→ **EXERCISE**: Repeat every record below exactly, but leave out any pictures.

→ **DATA FOR REVIEW**:
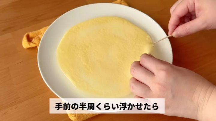 つまようじなどで生地の外側の端を少しずつ浮かせましょう!
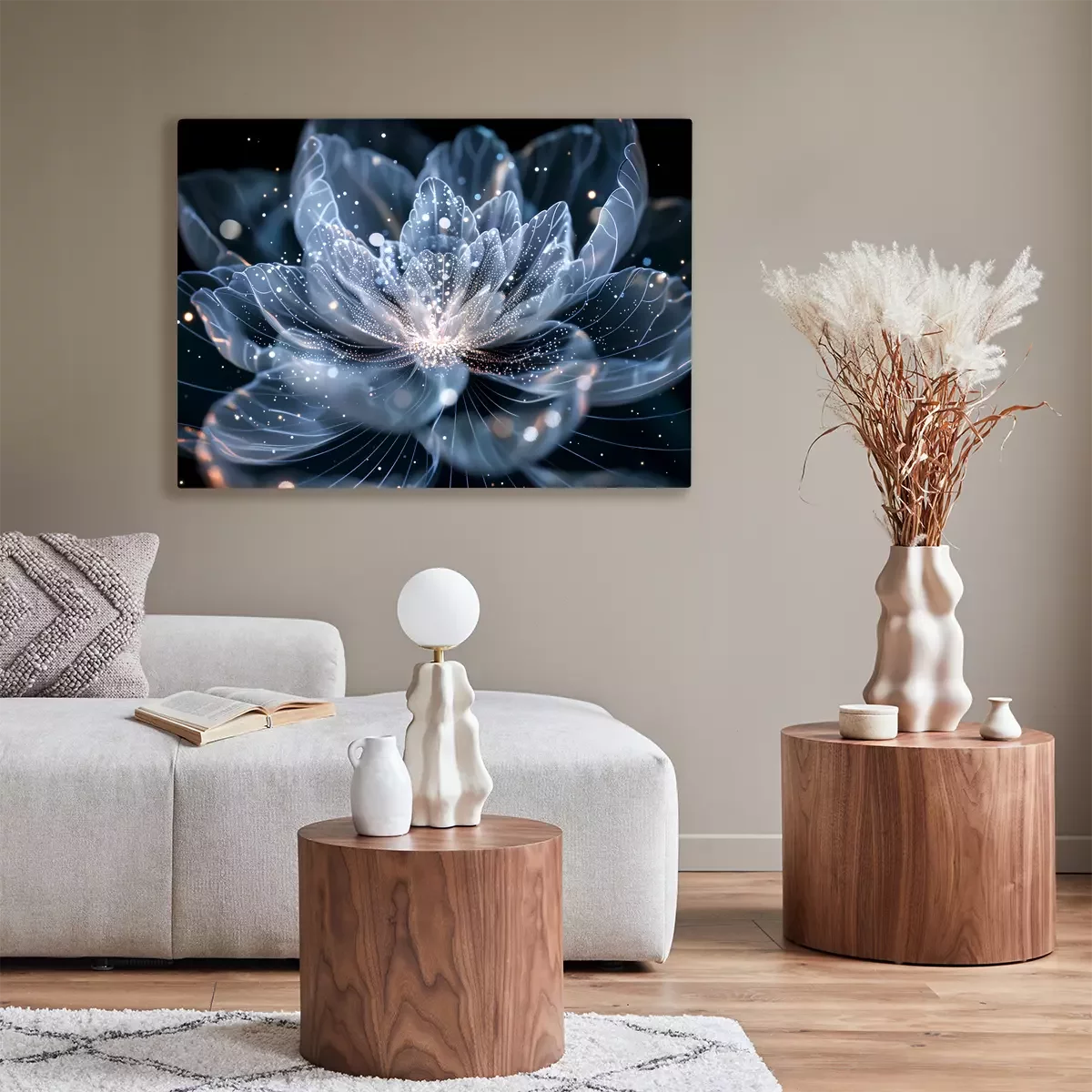 Eine zarte, leuchtende blume in kühlen farbtönen
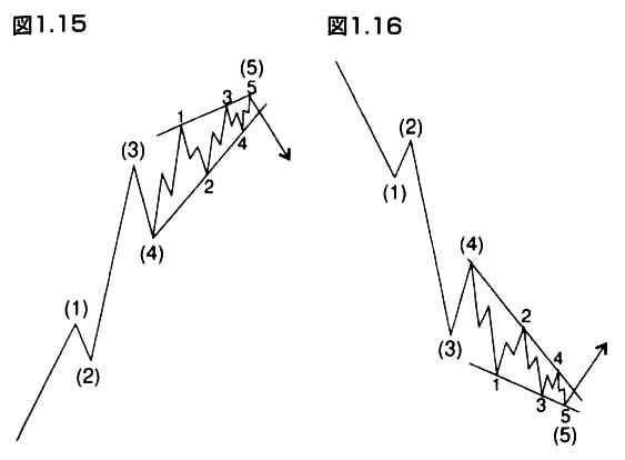 エンディング・ダイアゴナルトライアングルは相場の天井や底となることが多く、パターン完成後には鋭い戻しが続くことが多い。(3)リーディング・ダイアゴナルトライアングル
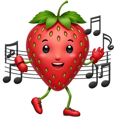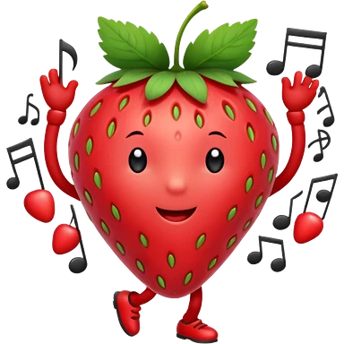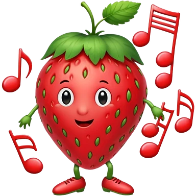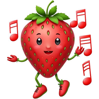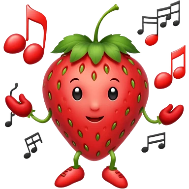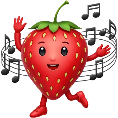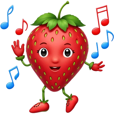 A Dancing strawberry with music notes around emoji | AI Emoji Generator
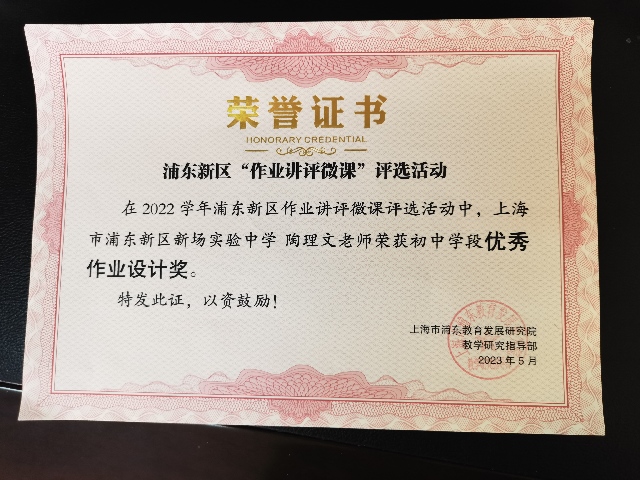 | 陶理文获浦东新区“作业讲评微课”评选活动优秀作业设计奖 |
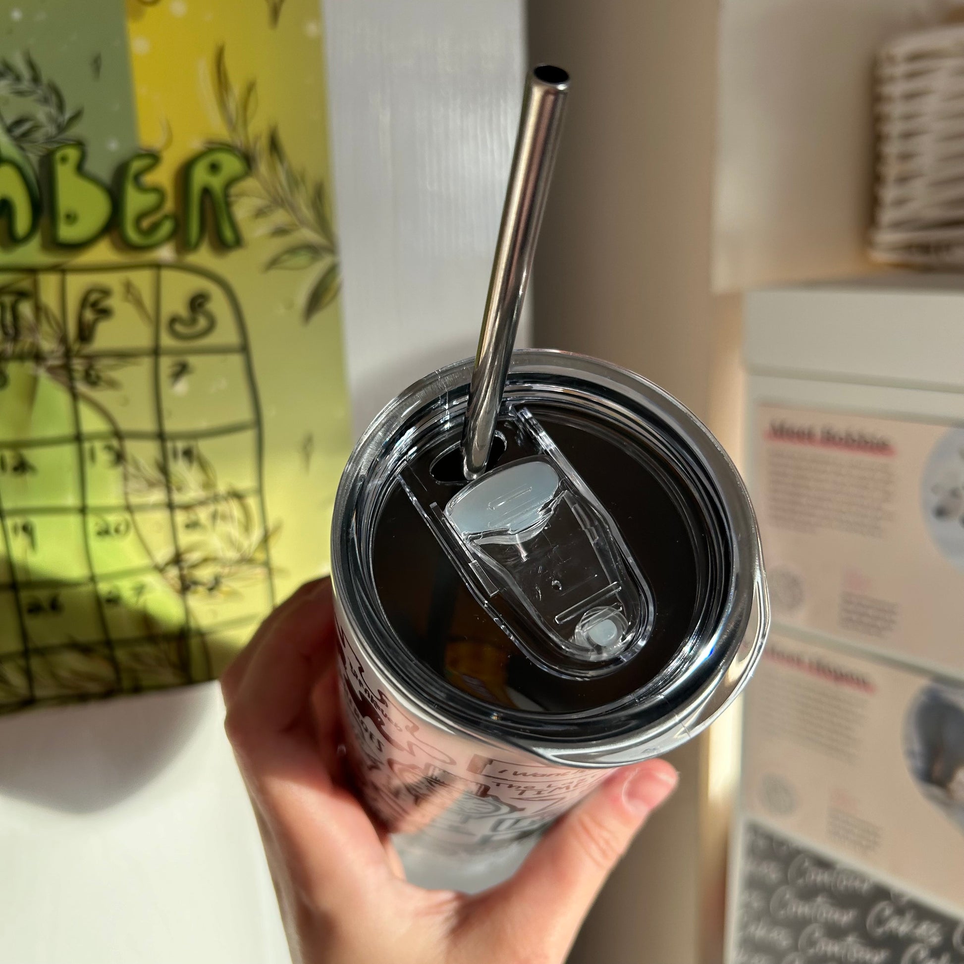 ☕️20oz double walled stainless steel cup with metal straw included. Ideal for upright use, we recommend our bottles instead if you require your cup to be leak-proof.
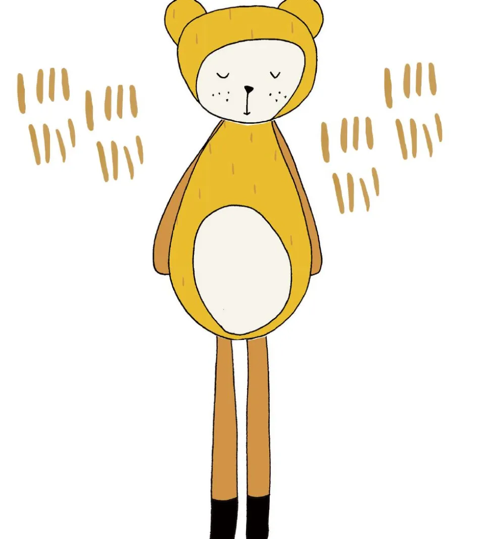Flotte Fabelab wallstickers i gul, hvid og brun af en sovende bjørn og forskellige streger.
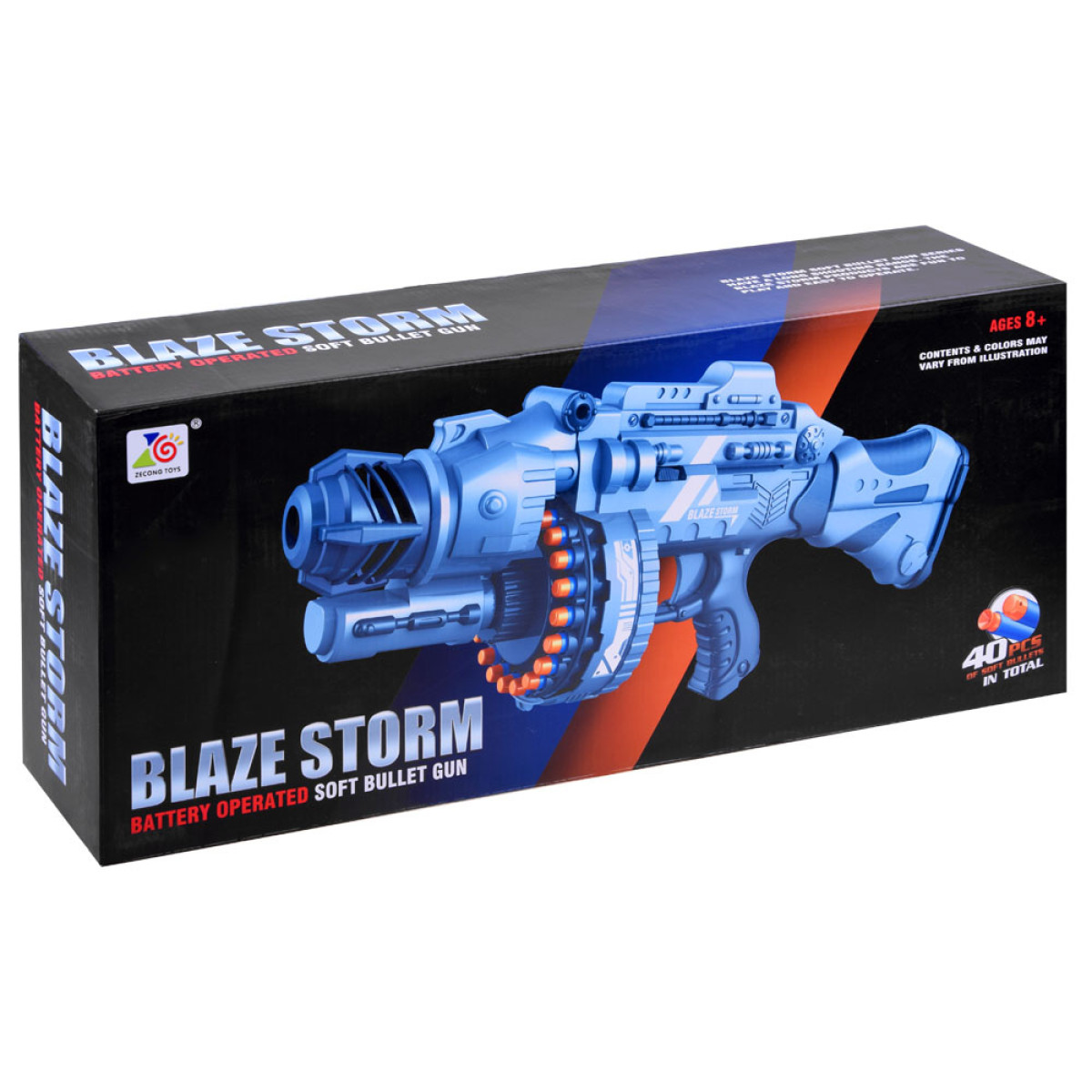 Didelis pistoletas Blaster yra puikus pasirinkimas strėlinių žaidimų mėgėjams. Jis turi talpų, besisukantį magaziną, kuriame telpa net 20 piankinių šovinių. Po kiekvieno šūvio automatiškai persikrauna, užtikrinant ilgą ir įdomią pramogą. Pistoletas pagamintas iš plastiko, o šoviniai - iš piankos su gumine galvute. Norėdami užtaisyti magaziną, pakelkite judančią šautuvo vamzdžio dalį, paslinkdami kairėje esančią apsauginę užraktą, ir įdėkite piankinius strėles. Strėlės lieka savo vietoje net intensyvių judesių metu. Puiki ginklų konstrukcija leidžia dar daugiau pramogų dėka įmontuotų ritinėlių, kurie padidina šovinio nuotolį iki maždaug 12 m. Pakanka užtaisyti ginklą ir įjungti jį kairėje rankenos pusėje esančiu jungikliu. Žaislas maitinamas 6 x 1,5 V AA baterijomis (nėra komplekte). Blasteris padarys įspūdį tiek mažiems, tiek dideliems naudotojams, šaudo tiksliai ir toli. Pridedami strėlių su siurbtukais, kurie prilimpa prie lygaus paviršiaus. Kiekvienas šaudymo varžybų entuziastas turintis tokią ginklą galės treniruotis taikymą arba rengti varžybas su draugais.

→ **TASK OUTPUT**:
 つまようじなどで生地の外側の端を少しずつ浮かせましょう!
 Eine zarte, leuchtende blume in kühlen farbtönen
 エンディング・ダイアゴナルトライアングルは相場の天井や底となることが多く、パターン完成後には鋭い戻しが続くことが多い。(3)リーディング・ダイアゴナルトライアングル
 A Dancing strawberry with music notes around emoji | AI Emoji Generator
 | 陶理文获浦东新区“作业讲评微课”评选活动优秀作业设计奖 |
 ☕️20oz double walled stainless steel cup with metal straw included. Ideal for upright use, we recommend our bottles instead if you require your cup to be leak-proof.
Flotte Fabelab wallstickers i gul, hvid og brun af en sovende bjørn og forskellige streger.
 Didelis pistoletas Blaster yra puikus pasirinkimas strėlinių žaidimų mėgėjams. Jis turi talpų, besisukantį magaziną, kuriame telpa net 20 piankinių šovinių. Po kiekvieno šūvio automatiškai persikrauna, užtikrinant ilgą ir įdomią pramogą. Pistoletas pagamintas iš plastiko, o šoviniai - iš piankos su gumine galvute. Norėdami užtaisyti magaziną, pakelkite judančią šautuvo vamzdžio dalį, paslinkdami kairėje esančią apsauginę užraktą, ir įdėkite piankinius strėles. Strėlės lieka savo vietoje net intensyvių judesių metu. Puiki ginklų konstrukcija leidžia dar daugiau pramogų dėka įmontuotų ritinėlių, kurie padidina šovinio nuotolį iki maždaug 12 m. Pakanka užtaisyti ginklą ir įjungti jį kairėje rankenos pusėje esančiu jungikliu. Žaislas maitinamas 6 x 1,5 V AA baterijomis (nėra komplekte). Blasteris padarys įspūdį tiek mažiems, tiek dideliems naudotojams, šaudo tiksliai ir toli. Pridedami strėlių su siurbtukais, kurie prilimpa prie lygaus paviršiaus. Kiekvienas šaudymo varžybų entuziastas turintis tokią ginklą galės treniruotis taikymą arba rengti varžybas su draugais.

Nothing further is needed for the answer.